**Work instruction**
Transcribe only the lines between the first line of the records and the line containing "Lotterispil i Låstrup", inclusive, exactly as written.

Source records
┌──
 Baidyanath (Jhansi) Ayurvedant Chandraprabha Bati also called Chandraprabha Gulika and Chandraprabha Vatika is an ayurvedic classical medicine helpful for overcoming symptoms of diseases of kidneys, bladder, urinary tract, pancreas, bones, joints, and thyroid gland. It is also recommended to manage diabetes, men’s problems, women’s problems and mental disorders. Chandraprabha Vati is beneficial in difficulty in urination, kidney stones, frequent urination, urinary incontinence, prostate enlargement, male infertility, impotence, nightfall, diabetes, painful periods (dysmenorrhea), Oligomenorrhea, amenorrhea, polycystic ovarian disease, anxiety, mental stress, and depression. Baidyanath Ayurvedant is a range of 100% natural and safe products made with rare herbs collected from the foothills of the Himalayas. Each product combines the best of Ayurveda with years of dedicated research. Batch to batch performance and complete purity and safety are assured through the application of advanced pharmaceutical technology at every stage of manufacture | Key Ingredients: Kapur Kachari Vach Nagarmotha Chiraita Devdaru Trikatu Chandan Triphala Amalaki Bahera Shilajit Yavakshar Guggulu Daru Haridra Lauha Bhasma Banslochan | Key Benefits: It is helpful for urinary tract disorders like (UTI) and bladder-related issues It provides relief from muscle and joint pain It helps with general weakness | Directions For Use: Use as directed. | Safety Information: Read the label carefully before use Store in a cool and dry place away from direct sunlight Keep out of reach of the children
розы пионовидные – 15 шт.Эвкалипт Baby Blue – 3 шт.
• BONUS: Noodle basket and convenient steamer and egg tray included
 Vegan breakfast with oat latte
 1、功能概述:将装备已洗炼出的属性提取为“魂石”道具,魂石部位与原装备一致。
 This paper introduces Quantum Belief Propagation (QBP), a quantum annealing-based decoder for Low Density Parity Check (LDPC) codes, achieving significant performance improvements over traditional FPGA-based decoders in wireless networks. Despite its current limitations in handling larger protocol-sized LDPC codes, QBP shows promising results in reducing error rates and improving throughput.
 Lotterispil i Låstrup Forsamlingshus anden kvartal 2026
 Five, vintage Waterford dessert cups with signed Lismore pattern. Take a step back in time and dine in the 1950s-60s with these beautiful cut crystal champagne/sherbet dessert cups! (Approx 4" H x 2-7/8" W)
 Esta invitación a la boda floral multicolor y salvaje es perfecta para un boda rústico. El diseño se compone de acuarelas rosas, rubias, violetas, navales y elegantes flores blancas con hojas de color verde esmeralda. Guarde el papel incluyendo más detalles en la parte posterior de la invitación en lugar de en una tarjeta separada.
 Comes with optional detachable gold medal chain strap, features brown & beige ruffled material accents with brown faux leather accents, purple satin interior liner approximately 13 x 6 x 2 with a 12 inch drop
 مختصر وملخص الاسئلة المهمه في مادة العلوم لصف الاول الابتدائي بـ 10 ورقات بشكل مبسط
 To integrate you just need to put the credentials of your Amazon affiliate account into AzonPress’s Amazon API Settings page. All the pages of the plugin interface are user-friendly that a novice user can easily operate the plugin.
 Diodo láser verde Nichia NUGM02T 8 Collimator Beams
└──
**The completed task**
 Baidyanath (Jhansi) Ayurvedant Chandraprabha Bati also called Chandraprabha Gulika and Chandraprabha Vatika is an ayurvedic classical medicine helpful for overcoming symptoms of diseases of kidneys, bladder, urinary tract, pancreas, bones, joints, and thyroid gland. It is also recommended to manage diabetes, men’s problems, women’s problems and mental disorders. Chandraprabha Vati is beneficial in difficulty in urination, kidney stones, frequent urination, urinary incontinence, prostate enlargement, male infertility, impotence, nightfall, diabetes, painful periods (dysmenorrhea), Oligomenorrhea, amenorrhea, polycystic ovarian disease, anxiety, mental stress, and depression. Baidyanath Ayurvedant is a range of 100% natural and safe products made with rare herbs collected from the foothills of the Himalayas. Each product combines the best of Ayurveda with years of dedicated research. Batch to batch performance and complete purity and safety are assured through the application of advanced pharmaceutical technology at every stage of manufacture | Key Ingredients: Kapur Kachari Vach Nagarmotha Chiraita Devdaru Trikatu Chandan Triphala Amalaki Bahera Shilajit Yavakshar Guggulu Daru Haridra Lauha Bhasma Banslochan | Key Benefits: It is helpful for urinary tract disorders like (UTI) and bladder-related issues It provides relief from muscle and joint pain It helps with general weakness | Directions For Use: Use as directed. | Safety Information: Read the label carefully before use Store in a cool and dry place away from direct sunlight Keep out of reach of the children
розы пионовидные – 15 шт.Эвкалипт Baby Blue – 3 шт.
• BONUS: Noodle basket and convenient steamer and egg tray included
 Vegan breakfast with oat latte
 1、功能概述:将装备已洗炼出的属性提取为“魂石”道具,魂石部位与原装备一致。
 This paper introduces Quantum Belief Propagation (QBP), a quantum annealing-based decoder for Low Density Parity Check (LDPC) codes, achieving significant performance improvements over traditional FPGA-based decoders in wireless networks. Despite its current limitations in handling larger protocol-sized LDPC codes, QBP shows promising results in reducing error rates and improving throughput.
 Lotterispil i Låstrup Forsamlingshus anden kvartal 2026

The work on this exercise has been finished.